Leader magazineASCL - Association of School and College Leaders

Race discrimination guidance

Chess piece

There is a tendency to be intimidated when it appears that an allegation of race discrimination is made. It is probably best that way but recent cases suggest that while schools and colleges need to be alert to their responsibilities, they do not need to collapse every time they are accused of prejudice.

In Abiola v North Yorkshire County Council, a teacher claimed that the council and a string of schools were guilty of discrimination in failing to put him on the county's 'pool' of supply teachers and/or employing him. In aid of his case he presented the statistics for employment in North Yorkshire which showed that 95.1 per cent of teachers in North Yorkshire were ethnically white British.

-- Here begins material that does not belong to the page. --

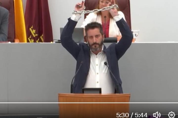 Egío, el primer diputado sancionado en la historia del Parlamento murciano, ha tomado la palabra en el turno de intervención final del pleno y ha pedido un minuto de silencio por "esta Asamblea Regional sometida a despotismo; vulnerada, violada, atropellada y deshonrada una vez más”, tras lo que se ha encadenado las manos, alzándolas sobre su cabeza, para iniciar su protesta en silencio.

The employment appeal tribunal was unimpressed. The council and the schools were undoubtedly in breach of their statutory duty to monitor their employees (and also to consider what they could do to remedy the imbalance) but that was not discrimination aimed at the teacher personally, and in a discrimination case it is a matter of a detriment to the individual.

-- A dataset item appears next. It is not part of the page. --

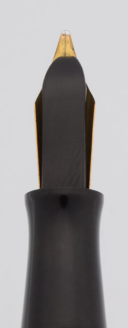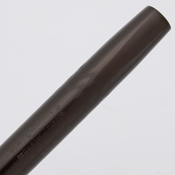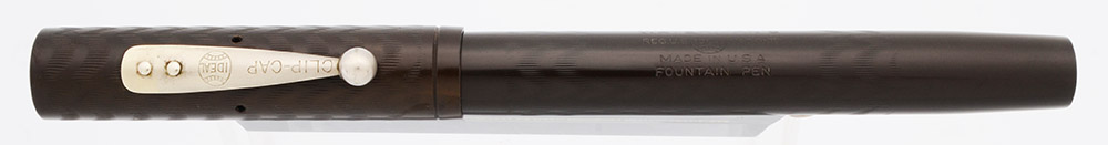 Condition Excellent condition. The chasing on the cap is very well defined, though it's mostly smoothed down on the barrel. The color is faded to a dark brown on most of the pen, except for the section and the part of the barrel that sits underneath the cap. The imprint is strong and clear. The lever box looks quite nice, and the clip looks really good. The top of the clip is starting to look brassed, but for the most part, the finish on the metal trim is just a bit dulled. The pen has no dents, cracks, chips, or major marks or scratches. It's working very well.

More importantly, there were ample other reasons which would have precluded him from employment, not least his refusal to produce references from previous employers.

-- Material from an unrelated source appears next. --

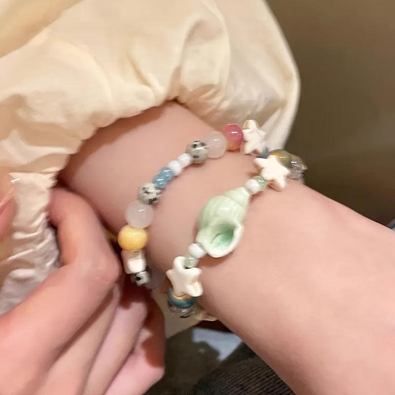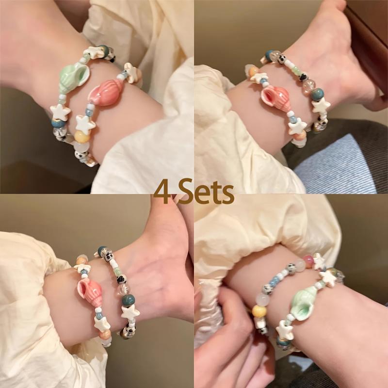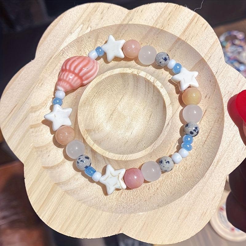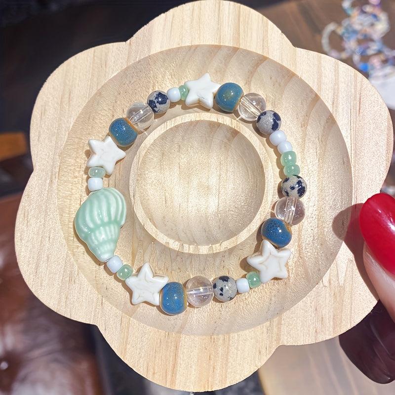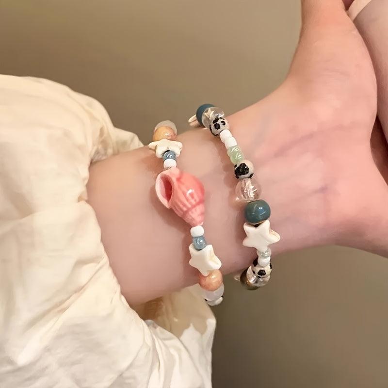 Enhance your style with this set of 8 vacation-themed ceramic bead bracelets that feature conch and star designs, offering a unique and stylish accessory for women with high appeal.

This question of reasons is crucial. To put the onus on the employer to show that it has not discriminated, the employee has to produce facts that tend to show that there has been discrimination. A difference in race cannot in itself lead to an inference of discrimination.

This is so even where a case shows gross unfairness. In Arhin v Enfield PCT there were two employees of a primary care trust (PCT), both of whom had the same job description. There was a reduction of staff. One employee, who was a white male, was slotted in. The other, who was a non-white woman, was made redundant, even though she had at least equal qualifications.

However, as the EAT pointed out, "an employer only has to satisfy some other reason (than race). The reason does not have to be inherently justifiable. It does not have to be a good reason in a moral sense. It simply has to be a reason which has nothing to do with race."

This case also, however, raises the question of up-to-date and accurate job descriptions. The employer's defence was that although the two people concerned had the same job description, they were not in fact doing the same job.

While the tribunal accepted that this was not uncommon or a fatal flaw, it was not at all impressed that an employer who was purporting to 'slot in' someone on the grounds that he was already doing much the same job, was slotted in to a post for which no job description could be produced.

Moreover, an employer cannot just claim something was a mistake. A tribunal will want to know why the employer made a mistake. Did s/he check with human resources? What was the response when alerted to the issue?

There are going to be analogous situations in future years in schools and colleges. It will be worth learning the lessons before things go wrong. It might, for example, be useful to check job descriptions against actual jobs being done.